Grants will fund tuberculosis drug development

Weill Cornell Medicine researchers and the TB Drug Accelerator have received two grants totaling $6.8 million from the Bill & Melinda Gates Foundation to study tuberculosis (TB) drug development. This effort will expedite finding new drug targets within the bacteria and identifying new lead compounds, two significant bottlenecks in TB drug development.

“These grants allow us to apply the assays we’ve developed in the last few years, focusing on the most promising targets for TB drug development,” said principal investigator Dirk Schnappinger, professor of microbiology and immunology at Weill Cornell Medicine and a member of the TB Drug Accelerator.

Mycobacterium tuberculosis (Mtb), bacteria that infect and multiply in the lungs, cause cough, fever and chest pain. Highly contagious, TB remains one of the most devastating infectious diseases. Last year, 10.6 million developed the condition globally, resulting in approximately 1.3 million deaths, according to the World Health Organization.

TB treatment requires taking several antibiotics for up to nine months. “We could treat TB much better in the regions where the disease takes its biggest toll, if we could shorten the time patients need to take antibiotics and discover more effective medications,” Schnappinger said.

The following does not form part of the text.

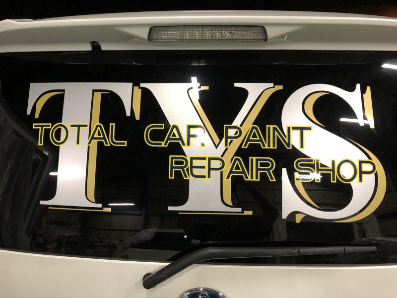 今日は無理を言って、TYSのステッカーを作成及び貼付を看板屋さんに施工していただきました。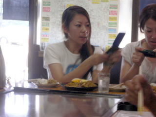 初対面の焼そばを携帯で撮る、うりちゃん&のいこちゃんです☆

Mtb can adapt to different conditions inside the human body, allowing it to evade treatment through drug resistance and drug tolerance. Drug resistance forms when spontaneous gene mutations render the bacteria resistant to commonly used TB drugs, usually when patients fail to complete the treatment regimens. Drug tolerance occurs when the bacteria undergo a physiological change that allows them to escape treatment that would normally kill them.

One of Schnappinger’s research goals is to prioritize the small molecules that have been identified by other members of the TB Drug Accelerator for further development. His team is using genetic methods to probe how these small molecules can kill or inhibit the growth of Mtb. Ideally, discovering several molecules that work in different ways would help combat drug resistance.

The small molecules are tested on Mtb mutant libraries containing 30,000 to 100,000 strains generated in collaboration with Jeremy Rock, head of the Laboratory of Host-Pathogen Biology at Rockefeller University. Each bacterial strain has a different gene underexpressed so less of that protein is produced. When a small molecule eliminates or inhibits the growth of a particular Mtb strain, the researchers can identify the underexpressed gene as the bacteria’s weak point.

Another approach is testing the small molecules on an Mtb overexpression library, which consists of about 1,000 Mtb strains, each designed to produce too much of an essential gene product. A small molecule would stop inhibiting the growth of a strain, if its target is overexpressed. “Profiling small molecules with both knockdown and overexpression libraries allows us to better predict the direct target of a small molecule,” he said.

Furthermore, the researchers are isolating Mtb mutants that are resistant to the small molecules being studied to understand how mutations render the bacteria impervious to the drug.

This multipronged approach is shedding light on how the small molecules of interest inhibit growth of Mtb, their potential toxicities and suggest other structurally related molecules that may be more effective. Taken together the information is helping researchers prioritize which compounds to move forward for drug development.

The second grant supports efforts to shorten TB treatment time. Current drugs were developed to inhibit growing Mtb, so, unsurprisingly, they don’t work as well for Mtb strains that are not growing or dormant. For example, granulomas, a hallmark of TB, are clusters of white blood cells with a center of dying cells. The bacteria inside the granuloma often stop growing and resist current drug treatments, which likely contributes to the long time needed to cure patients. “Identifying drugs that are more effective against this Mtb population is expected to shorten treatment,” Schnappinger said.

This research aims to identify drug targets that are critical for survival of Mtb during infections, including within the center of granulomas and drug tolerance. Drugs designed against these targets may work faster and suggest viable combination treatments.

Weill Cornell Medicine researchers who have contributed to this effort include Sabine Ehrt, professor of microbiology and immunology and co-chair of the immunology and microbial pathogenesis graduate program; Dr. Carl F. Nathan, chair of microbiology and immunology; Dr. Kyu Y. Rhee ’91, professor of microbiology and immunology and professor of medicine. Dr. Michael Glickman at the Sloan Kettering Institute also contributed.

“One of our main goals is to extend this work to TB animal models, which will allow us to evaluate drug targets in the context of an infection,” Schnappinger said. “Ultimately, we want to find the Achilles heel of this pathogen.”

Heather Lindsey is a freelance writer for Weill Cornell Medicine.